Learning about jobs currently in demand, employers’ expectations and financial considerations of employment, workplace etiquette and culture are involved.
HKNC uses the virtualjobshadow program, a resource that provides opportunities for job shadowing and comprehensive career exploration. The program offers videos where an individual can job shadow professionals and get an understanding of the day-to-day life in a particular job. The section on job exploration offers a multitude of interest inventories that link to a full description of the career cluster chosen and a future look at employment opportunities. Each participant can also identify colleges in the home state that offer programs related to vocational interests. In addition, videos are provided to discuss soft skills. The program offers closed captioning and is accessible with JAWS. Assessment and training are provided utilizing the virtualjobshadow.com platform in combination with instruction by the HKNC transdisciplinary team.
WORK READINESS
HKNC provides opportunities to gain work readiness skills through participation in collaborative peer learning groups. These groups offer opportunities to learn from others to build a reference for work and enhance one’s knowledge of work skills including soft skills and strategies for success. Topics for work readiness include strategies for accessibility and understanding the principles of the Americans with Disabilities Act (ADA); practicing applications both paper and online; developing interviewing skills; developing a resume; and acquiring skill in self-advocacy, time management, problem-solving skills and soft skills.
A transition plan is the key to successfully securing employment. HKNC’s deaf-blind specialists are located throughout the country and, if available in your state, have a major role in assisting with job search. In addition, HKNC’s national employment & business relations specialist focuses on developing relationships with national companies. The specialist will work closely with each consumer and their VR counselor to provide job leads and introductions to companies. The specialist is also a resource for developing and providing sensitivity and orientation training with the prospective employer.
JOB SEEKING SKILLS
Exploring the job market in relation to each individual’s identified career interests, engaging in informational interviews, preparing a resume, experiencing mock or real time job interviews and gaining skills to utilize a variety of strategies and resources for job seeking are all included.
TRANSDISCIPLINARY APPROACH
Orientation and mobility skills, skills of independent living, communication skills training, adaptive technology, audiology and low vision are incorporated into each individualized training plan. In addition, a technology instructor will work with each individual to assess adaptive technology skills prior to the beginning of assessment.
COMMUNICATIONS SKILLS TRAINING
Communication methods in the work environment for face-to-face communication including communication cards, apps, text messaging and how to access group interpreting is provided. This includes accessing ASL interpreting and captioning during group meetings and accessing group video platforms such as Zoom. Instruction on banking and budgeting, time management, college exploration, sign language, fingerspelling and academics provide opportunities to develop and enhance communication skills for optimal participation at work, home, college and in your community. Distance braille classes are offered to anyone from beginners to someone who is interested in further refining skills and/or continuing to gain proficiency.
ADAPTIVE TECHNOLOGY SKILLS TRAINING
Training is provided in assistive technology related to screen magnifiers, screen readers, braille displays, text to speech, braille note takers, Dolphin Guide Connect, OCR software/hardware, digital book services, relay services and accessible keyboards. Training in technology for the Apple iPhone, Apple iPad, and iOS apps such as Object Recognition, GPS, and Proloquo2go, face-to-face communication, Zoom Meeting and social media is the gateway for accessible, effective and efficient communication in all domains of life. Computer and related skills including e-mail, internet, word processing, spreadsheets, presentations, Google docs, typing, operating systems, webcams/camera, scanners, drawing, readers, removable storage devices and video editing are areas of training available to match your individual’s needs for work, home, school and in the community. Remote programs such as JAWS Tandem and TeamViewer are used to access your individual’s computer for troubleshooting support if needed.

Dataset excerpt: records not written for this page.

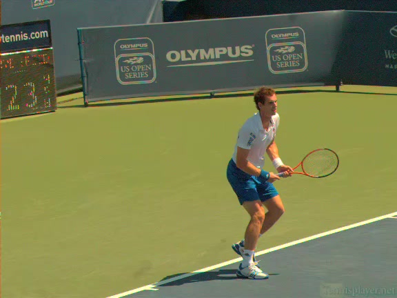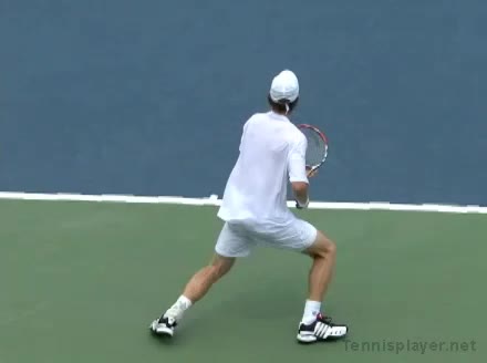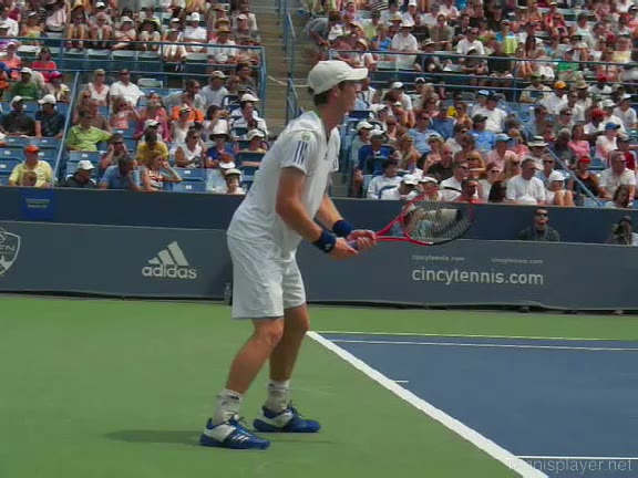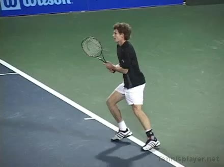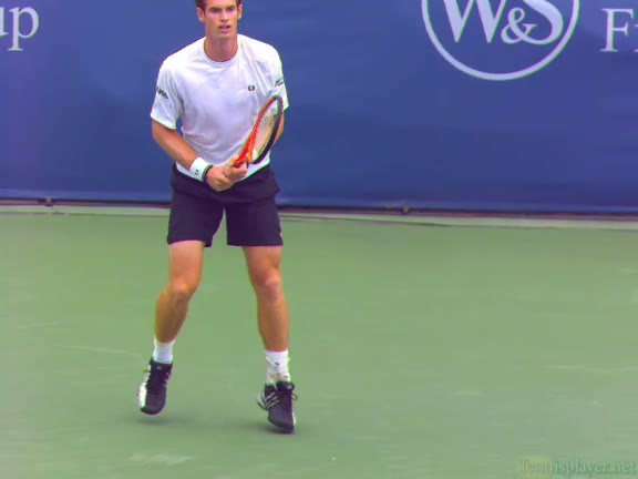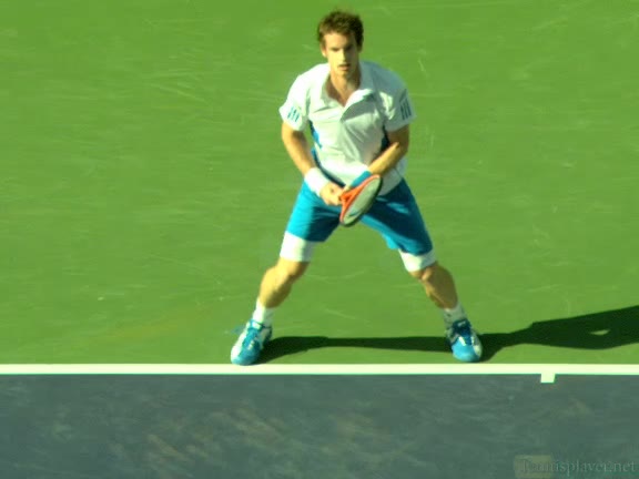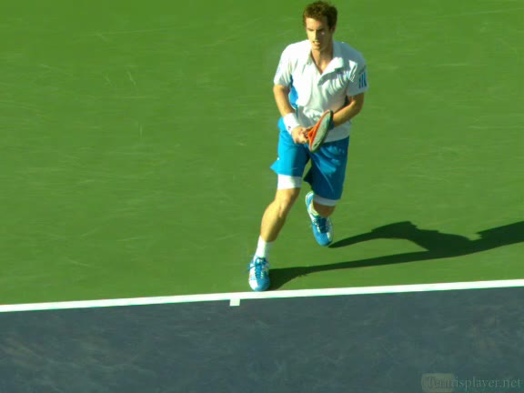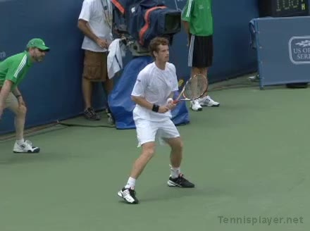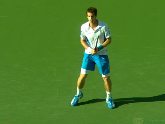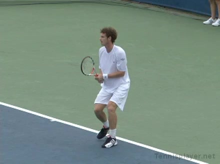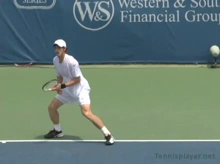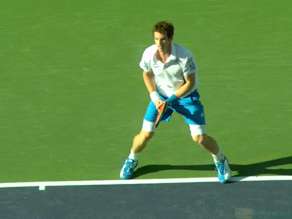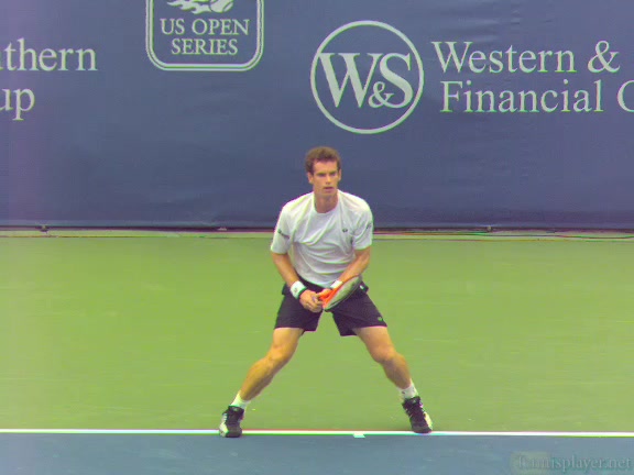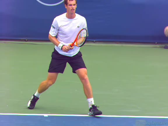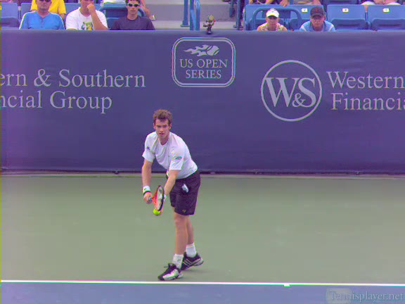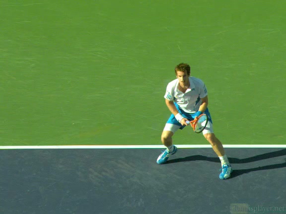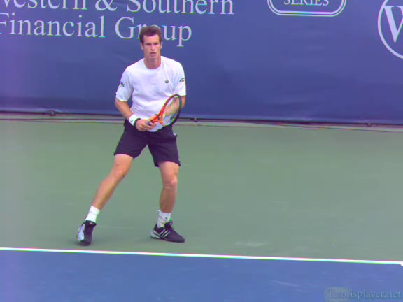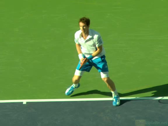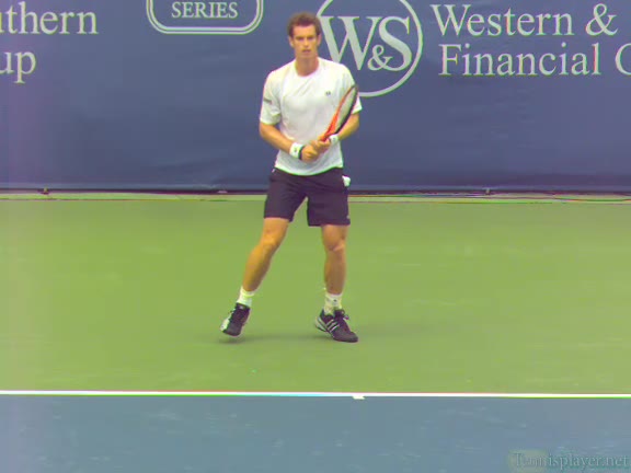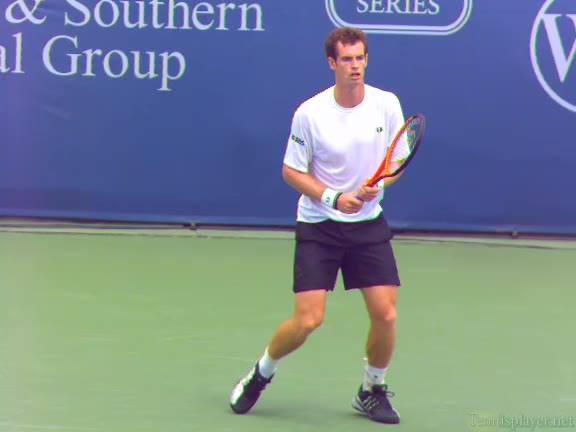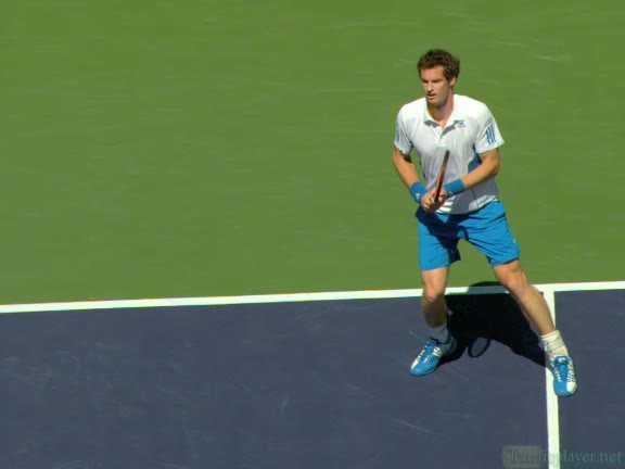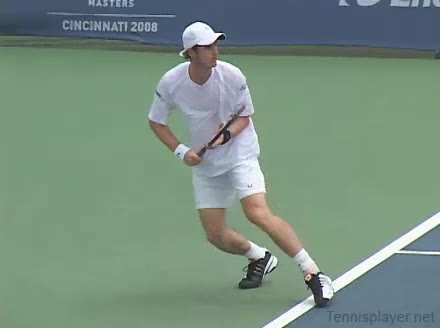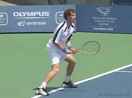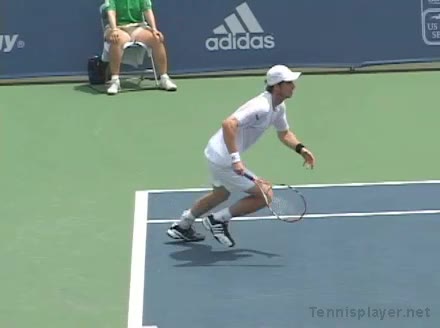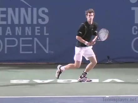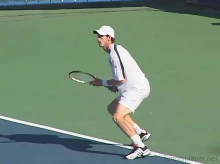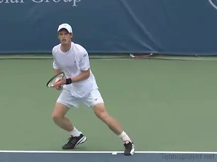 Andy Murray's forehand approach pattern from the ad court, filmed from a court-level angle. His hips stay relatively closed through the first forehand before driving more open on the approach, with a noticeable increase in knee bend and forward leg drive as he moves into the court.
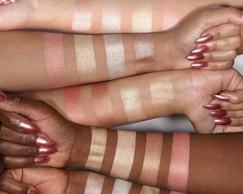 Launching from her brand in April, Kattan didn't specify which of the two $45 highlighter palettes is swatched on which arm in the image below, but the choices are the Pink Sands Palette, ideal for fair to medium skin tones, or the Golden Sands Palette, which glows on medium to dark skin tones. From my careful analysis of the evidence (i.e. looking back and forth at the palettes and swatches at least 13 times), I'm inclined to say that working from top to bottom, we're looking at the Golden Sands, then the Pink Sands on fair skin, Pink then Golden on the medium, and Golden, then Pink on the darker.
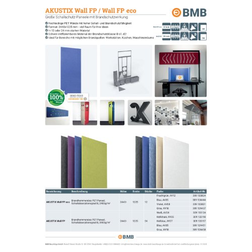 Eigenschaften "BMB AKUSTIX Wall FP eco, HxBxS: 2440x1220x12 mm, feuerfest,Violet, AV08"
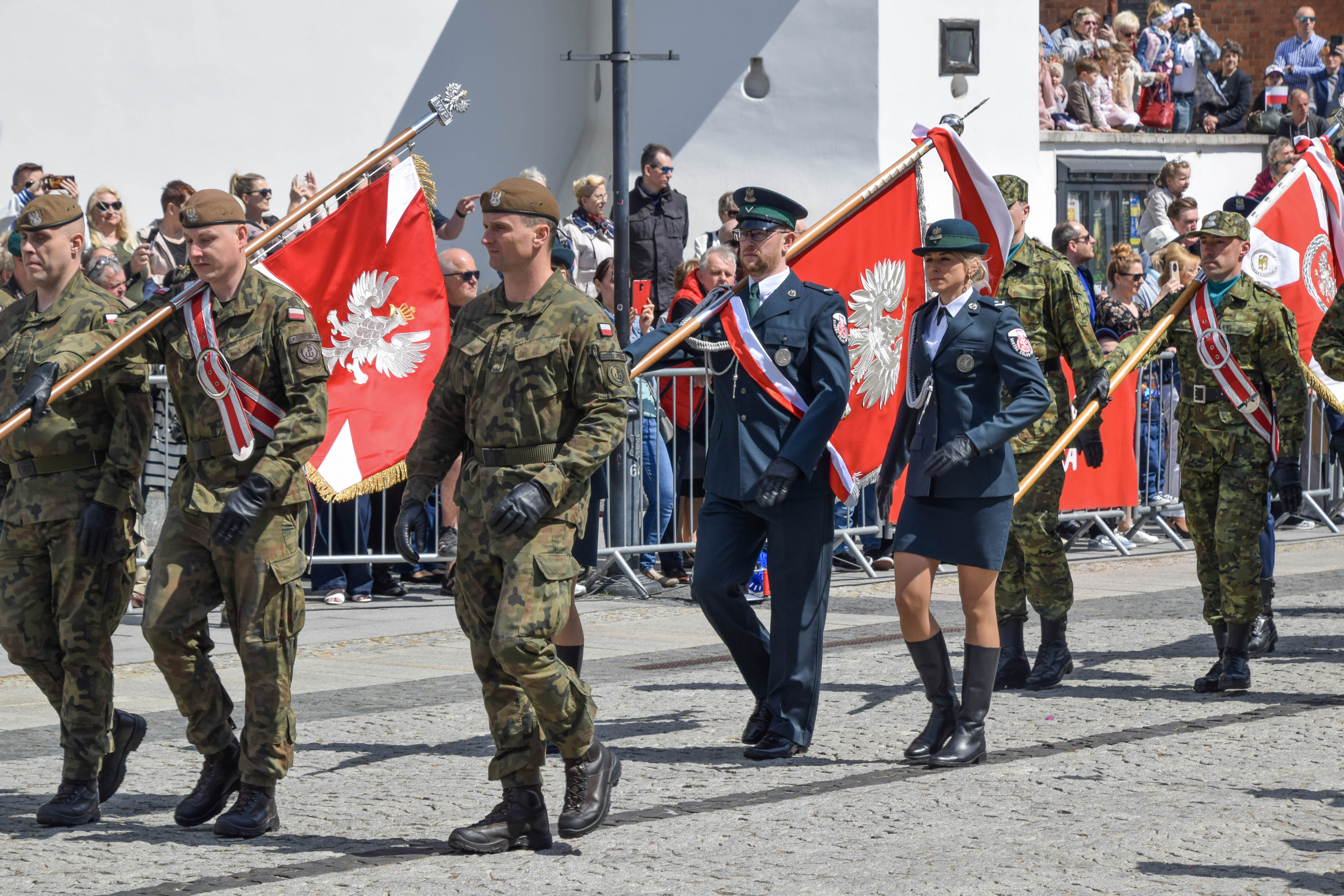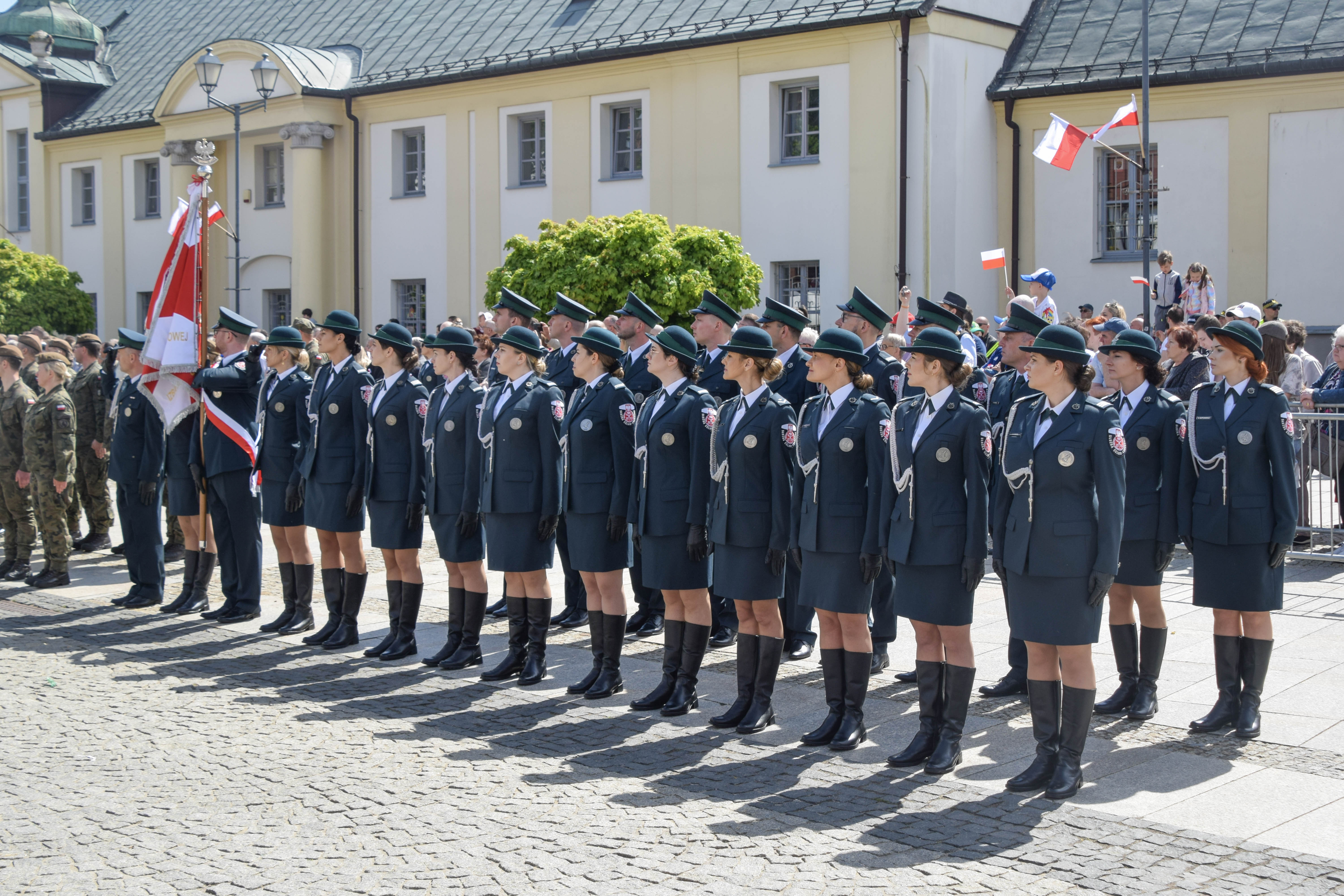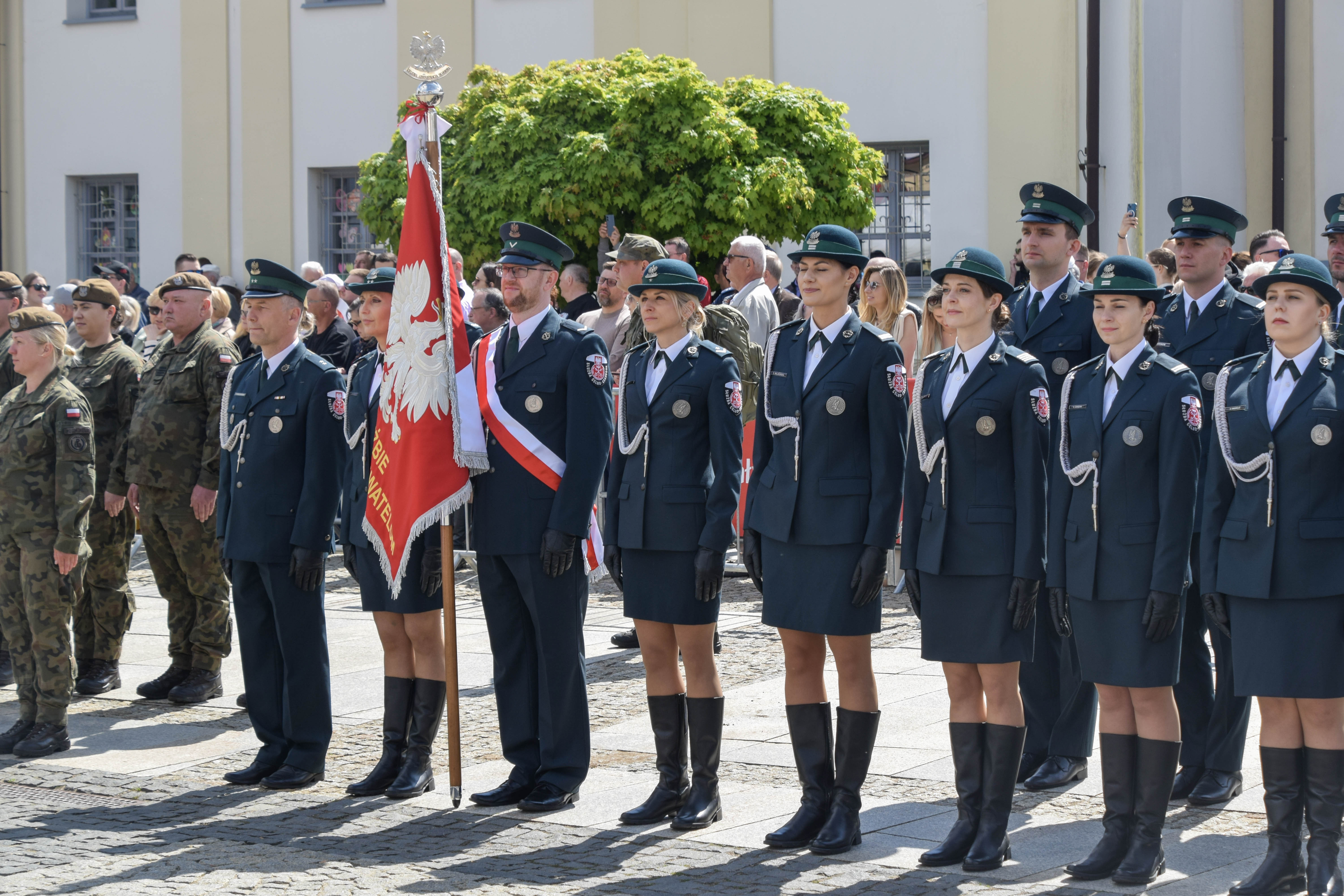 Pod pomnikiem Marszałka Józefa Piłsudskiego na białostockim Rynku Kościuszki, podczas uroczystości Narodowego Święta Trzeciego Maja reprezentował nas także poczet sztandarowy oraz Kompania Honorowa Podlaskiej KAS.

INDEPENDENT LIVING SKILLS TRAINING
The independent living remote assessment is completed through a combination of interview, self-report and video observation. The independent living assessment questionnaire is incorporated to cover areas of the independent living curriculum. The assessment may also include assignments to be completed and discussed with the evaluator. When possible, equipment will be demonstrated through video. Based on assessment in the areas listed below, appropriate training and equipment recommendations will be made. Independent Living training focuses on food preparation for simple and advanced meals which incorporates menu planning, following recipes, food shopping and safe tactile cooking techniques for the stove, oven, alternate cooking equipment and adaptive appliances.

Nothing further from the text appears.